• _ABOUT THIS EXERCISE_: Using the entries below, copy exactly each line from the line with "Celebrate your love" up to and including the line with "8月18日,福建省泉州市蟳埔", with every picture left out.

• _RECORDS_:
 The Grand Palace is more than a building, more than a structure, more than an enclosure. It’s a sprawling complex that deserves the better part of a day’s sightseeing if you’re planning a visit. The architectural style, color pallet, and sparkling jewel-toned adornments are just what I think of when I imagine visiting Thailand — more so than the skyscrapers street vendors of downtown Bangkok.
...
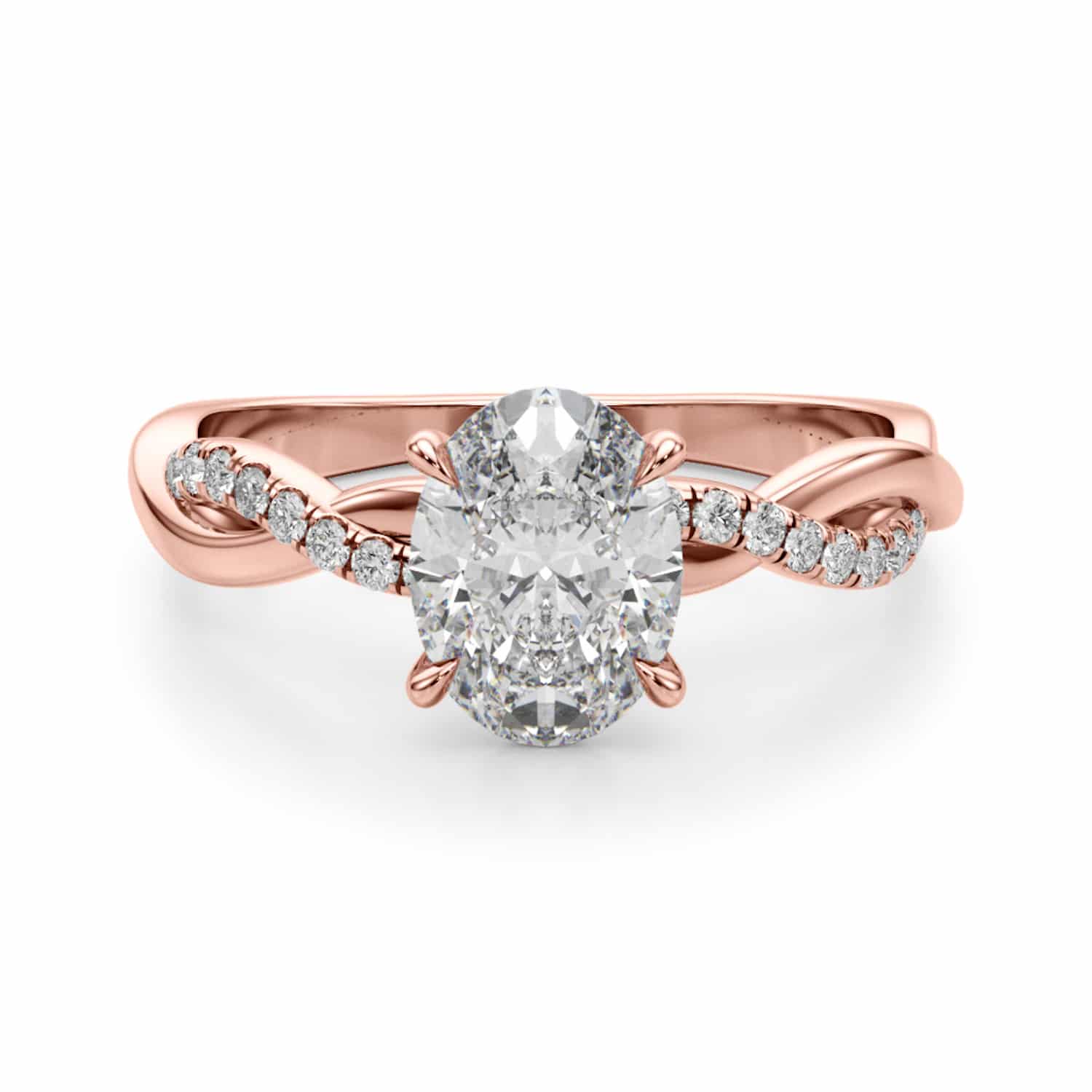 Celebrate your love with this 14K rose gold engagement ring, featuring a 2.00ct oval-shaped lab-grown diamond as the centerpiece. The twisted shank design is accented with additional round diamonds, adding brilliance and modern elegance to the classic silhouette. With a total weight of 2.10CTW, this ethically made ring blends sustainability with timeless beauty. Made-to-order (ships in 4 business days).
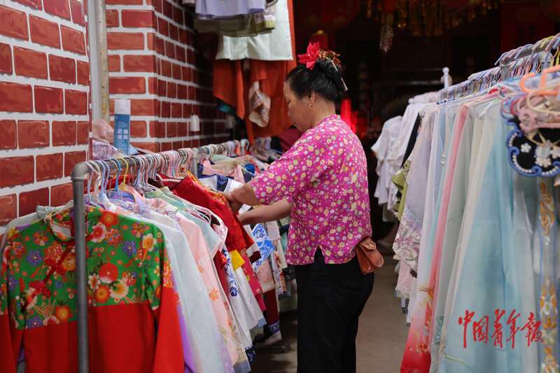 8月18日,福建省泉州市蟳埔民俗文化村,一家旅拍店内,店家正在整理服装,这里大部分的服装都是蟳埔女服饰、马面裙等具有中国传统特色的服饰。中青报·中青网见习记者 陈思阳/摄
==
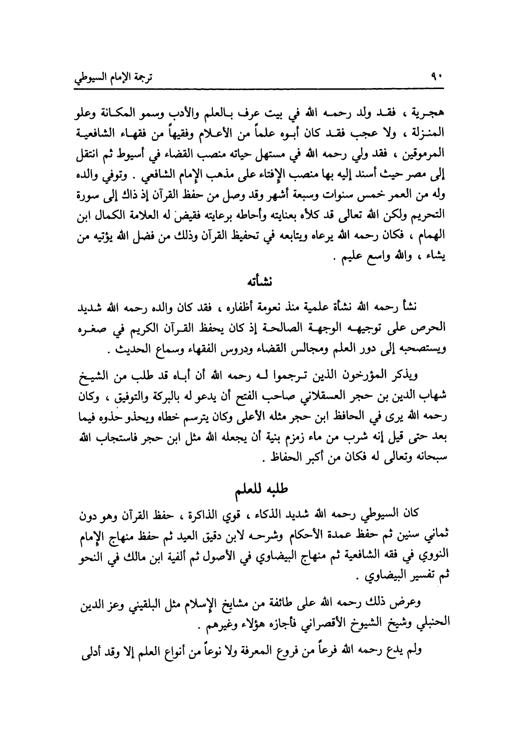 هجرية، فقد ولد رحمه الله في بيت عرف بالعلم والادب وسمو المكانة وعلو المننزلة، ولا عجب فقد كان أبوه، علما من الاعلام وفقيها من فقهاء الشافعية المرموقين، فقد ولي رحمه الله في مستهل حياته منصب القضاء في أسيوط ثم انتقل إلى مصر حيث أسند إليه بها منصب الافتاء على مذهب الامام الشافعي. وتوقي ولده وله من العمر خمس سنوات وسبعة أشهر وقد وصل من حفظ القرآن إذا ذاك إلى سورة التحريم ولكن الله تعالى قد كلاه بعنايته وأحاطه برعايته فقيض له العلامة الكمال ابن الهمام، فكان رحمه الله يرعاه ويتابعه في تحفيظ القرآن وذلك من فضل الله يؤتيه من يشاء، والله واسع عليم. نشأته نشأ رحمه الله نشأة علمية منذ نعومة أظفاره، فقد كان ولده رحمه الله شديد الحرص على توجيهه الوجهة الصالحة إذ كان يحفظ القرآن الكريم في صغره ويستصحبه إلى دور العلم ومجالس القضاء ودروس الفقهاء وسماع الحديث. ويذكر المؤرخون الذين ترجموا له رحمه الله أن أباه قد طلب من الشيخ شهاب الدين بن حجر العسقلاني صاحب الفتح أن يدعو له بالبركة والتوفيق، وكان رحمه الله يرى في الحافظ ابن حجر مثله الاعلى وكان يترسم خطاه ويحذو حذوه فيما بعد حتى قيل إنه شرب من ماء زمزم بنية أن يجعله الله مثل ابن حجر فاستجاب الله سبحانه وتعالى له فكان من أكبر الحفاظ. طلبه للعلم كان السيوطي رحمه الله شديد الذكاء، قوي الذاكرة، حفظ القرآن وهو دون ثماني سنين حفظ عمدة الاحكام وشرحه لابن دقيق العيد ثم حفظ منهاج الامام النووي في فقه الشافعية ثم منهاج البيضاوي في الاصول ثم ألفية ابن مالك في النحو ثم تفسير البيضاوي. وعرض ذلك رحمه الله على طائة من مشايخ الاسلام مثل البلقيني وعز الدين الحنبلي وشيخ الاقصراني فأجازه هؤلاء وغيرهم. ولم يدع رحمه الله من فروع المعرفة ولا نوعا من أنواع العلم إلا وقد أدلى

• _ANSWER TO THIS TASK_:
 Celebrate your love with this 14K rose gold engagement ring, featuring a 2.00ct oval-shaped lab-grown diamond as the centerpiece. The twisted shank design is accented with additional round diamonds, adding brilliance and modern elegance to the classic silhouette. With a total weight of 2.10CTW, this ethically made ring blends sustainability with timeless beauty. Made-to-order (ships in 4 business days).
 8月18日,福建省泉州市蟳埔民俗文化村,一家旅拍店内,店家正在整理服装,这里大部分的服装都是蟳埔女服饰、马面裙等具有中国传统特色的服饰。中青报·中青网见习记者 陈思阳/摄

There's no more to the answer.